Gran Torino
Im stolzen Alter von 78 Jahren verkündet Eastwood, dass dies der letzte Film sei, in dem er vor der Kamera agiert. Von nun an möchte er sich nur noch dem Regiefach widmen, dass er übrigens auch hier bekleidet. Doch ist der Film würdig, einer Schauspiellegende seinen verdienten Abschied zu bescheren? Ja, er ist es - mehr sogar. Man wünscht sich, dass Eastwood noch mehrere solcher Auftritte hat, wirkt er doch cooler und frischer als so manch anderer seiner Kollegen.
Der Kriegsveteran Walt Kowalski beerdigt seine Frau. Bei der Trauerfeier missfällt ihm so einiges. Die Predigt des Pfarrers, die Kleidung seiner Enkelkinder sowie das Verhalten seiner Söhne. Von nun an alleine, lebt er in seinem Haus in einem Vorort von Detroit, dass nun heruntergekommen und verwahrlost ist. Jugendgangs treiben ihr Unwesen, Gewalt herrscht auf den Straßen. Als in seiner direkten Nachbarschaft eine asiatische Familie einzieht, lässt Walt sie spüren, dass sie nicht willkommen sind. Seiner rassistischen Vorurteile bestätigt fühlt er sich, als der Nachbarsjunge versucht seinen 72er Gran Torino zu stehlen. Walt kann den Diebstahl verhindern, doch die Familie fühlt sich schuldig und besteht darauf, dass Thao seine Schuld bei Walt abarbeitet. Langsam kommen sich die beiden näher, bis die Gewalt unabdinglich eskaliert.
Eastwoods Charakter Walt ist der Mittelpunkt des Films. Mit Leichtigkeit spielt er ihn, es wirkt schon fast als Karikatur auf seine Rollen als „Dirty Harry" oder seine Rollen in der Dollar Triologie von Sergio Leone. Immer mit derselben grimmigen Mimik auftreten, knallt er den Nachbarn oder auch anderen kriminellen Jugendlichen, seine rassistischen Äußerungen an den Kopf.

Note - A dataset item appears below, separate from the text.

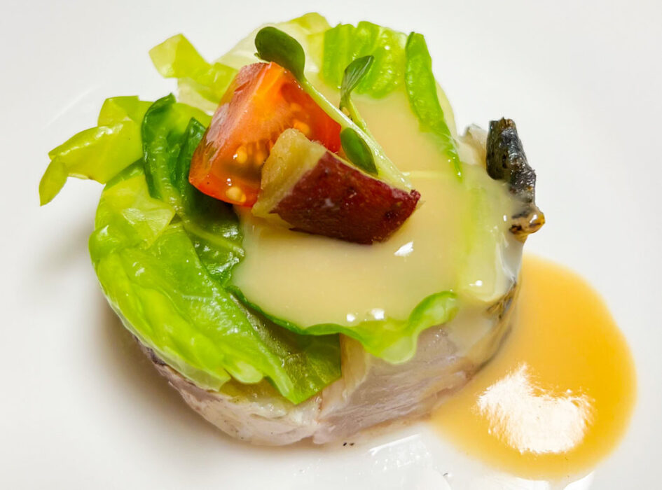 まずは前菜として、春キャベツとサワラの和物。一見すると洋風っぽくも見えますが、ソースは白味噌で見た目も食欲をそそります。

Selbst als er die Nachbarn besser kennt und sogar freundschaftliche Gefühle für sie entwickelt, wirft er ihnen seine Vorurteile immer noch ins Gesicht. So nennt er den Nachbarsjungen immer wieder „toad" (Kröte), doch am Ende scheint es fast eine Art Spitzname für den Jungen zu sein. Doch wirkt der Charakter Walt komisch auf den Zuschauer, so schafft es Eastwood, dass doch wieder zu wiederrufen. Wenn Walt einem jugendlichen droht, den Kopf weg zuschiessen und danach wie ein Baby zu schlafen, oder den Anführer einer Gang das Gesicht zerschlägt, dann ist es todernst gemeint. Walt ist gefährlich und er löst alles mit Gewalt.
Fazit:
Eastwoods beschert sich selbst einen würdigen Abschied vor der Kamera. Mit seiner ruhigen Inszenierung überlässt er sich selbst das Feld, um als Hauptdarsteller noch einmal zu zeigen, dass er nur mit seiner Präsenz den Film trägt. Aufgrund von Filmen wie „Mystic River", „Letters from Iwo Jjima" oder auch „Changeling" muss man sich keine Gedanken um Eastwoods Regiefertigkeiten machen und so bleibt nur noch eine Sache zum Schauspieler Eastwood zu sagen: Goodbye Clint.